Governance and institutional constraints

According to Berman54 and the IPCC,33 public, municipal and private institutions all have an influence on local adaptation. These institutions are often interlinked and play a vital role in how local communities are affected by variations in climate and their ability to respond.

Biesbroek34 proposes that governments are the primary actors in removing or creating factors hindering adaptation. Thus, governments could aid in the facilitation of adaptation and in comprehending the barriers that limits farmers’ adaptive capacity. In other words, governments have the ability to constrain or enable adaptation at a national, regional or local level.

Before the results of the study are presented, a brief summary of the research design and methods applied will be outlined.

Research methods and design

The previous section briefly identified and discussed the existing literature pertaining to some of the major barriers to the adoption of climate adaptation measures in agricultural practices.
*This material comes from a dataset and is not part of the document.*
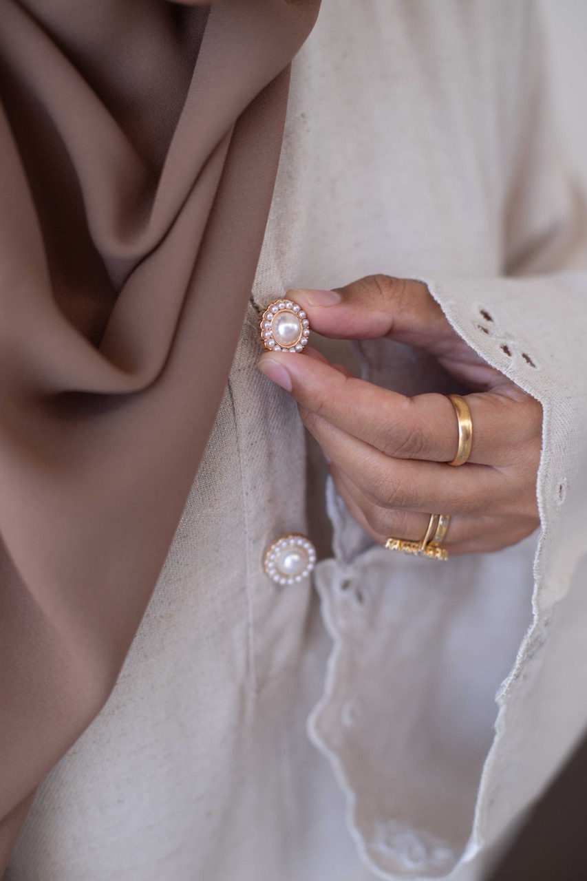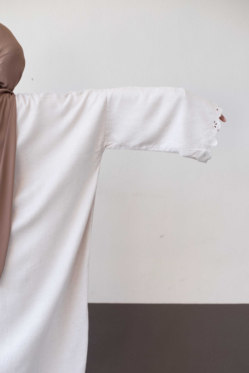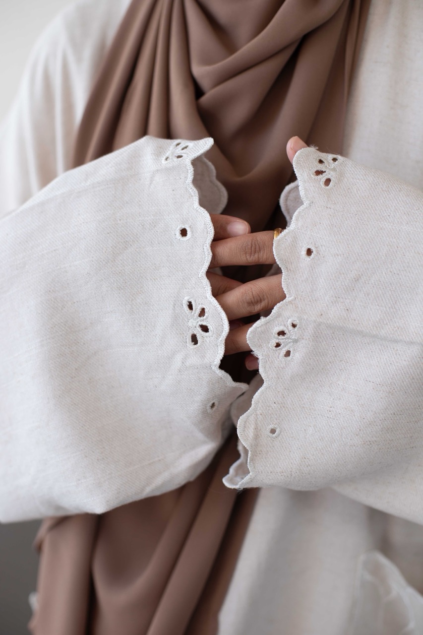 A timeless blend of elegance and comfort. Made from soft cotton linen, featuring delicate embroidery, classic buttons, and a unique patch pocket for a refined touch.

This section gives an outline of the design and methodology applied to guide the study.

This study was conducted using an exploratory sequential approach. Specifically, the initial database of qualitative results and findings was used to guide the development of a second (quantitative) database.55 This design was best suited for the research as the initial qualitative inquiry allowed for the development and refinement of a quantitative instrument.56 The questionnaire was developed after the initial identification of prominent themes related to climate change and CCA from literature. From this literature review, a structured and semi-structured questionnaire was formulated to collect qualitative and quantitative responses from participants. Purposive sampling was used to select the participant’s representative of the commercial and subsistence farmers of the study region.57,58 Purposive homogeneous sampling was best suited for the selection of respondents as it permitted the researcher to gain sufficient information, whilst also representing the population as accurately as possible. Respondents for the sample size were selected based on whether they are commercial or subsistence farmers and the area in which they are situated within the Local Municipality. A total of 25 commercial and 25 subsistence farmers were selected, which allowed the researcher to collect information-rich data. As the farmers answered the questionnaire, a translator was present to translate phrases or questions if necessary.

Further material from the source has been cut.